Vandenbunder B, Morange M, Buc H
Proc Natl Acad Sci U S A. 1976 Aug;73(8):2696-700. doi: 10.1073/pnas.73.8.2696.
Both 1,N6-etheno-AMP and 1,N6-etheno-2'-deoxy-AMP bind at the AMP site of phosphorylase b (1,4-alpha-D-glucan:orthophosphate alpha-glucosyltransferase, EC 2.4.1.1). Etheno-AMP induces the same activation as AMP, about 30-fold higher than the activation induced by etheno-dAMP. The fluorescence of etheno-AMP and etheno-dAMP is associated with the base moiety; therefore, when free in solution, the two derivatives have identical fluorescence properties. However, when bound to phosphorylase, the fluorescence of etheno-AMP is quenched more efficiently than the fluorescence of etheno-dAMP. This difference between the fluorescence properties of the bound nucleotides suggests that a modification in the ribose ring affects the position of the adenine in the AMP site of phosphorylase b. The observed quenching may be due to a stacking interaction between an aromatic residue and the base moiety of the bound nucleotide.

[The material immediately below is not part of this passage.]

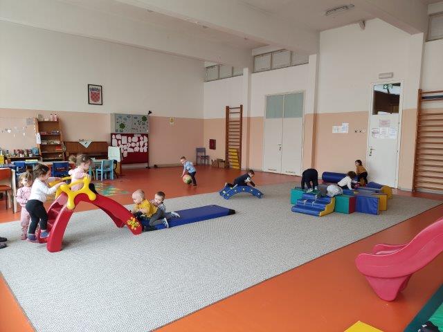 Nekoliko puta tjedno idemo u vrtićku dvoranu gdje se spuštamo niz tobogan, igramo u igluu, gađamo koš loptama ili se igramo lovice, a ponekad lovimo i odbjegle obruče po cijeloj dvorani. Dolaskom lijepog vremena sve više aktivnosti provodimo vani. Šećemo okolinom vrtića ili se igramo na igralištu. Djeca se odlascima van posebno vesele!

1,N6-乙烯基腺苷酸(1,N6-etheno-AMP)和1,N6-乙烯基-2'-脱氧腺苷酸(1,N6-etheno-2'-deoxy-AMP)均结合于磷酸化酶b(1,4-α-D-葡聚糖:正磷酸α-葡糖基转移酶,EC 2.4.1.1)的腺苷酸位点。乙烯基腺苷酸诱导的激活作用与腺苷酸相同,比乙烯基脱氧腺苷酸诱导的激活作用高约30倍。乙烯基腺苷酸和乙烯基脱氧腺苷酸的荧光与碱基部分相关;因此,当它们在溶液中游离时,这两种衍生物具有相同的荧光特性。然而,当与磷酸化酶结合时,乙烯基腺苷酸的荧光比乙烯基脱氧腺苷酸的荧光更有效地猝灭。结合核苷酸荧光特性的这种差异表明,核糖环的修饰会影响磷酸化酶b腺苷酸位点中腺嘌呤的位置。观察到的猝灭可能是由于芳香族残基与结合核苷酸的碱基部分之间的堆积相互作用所致。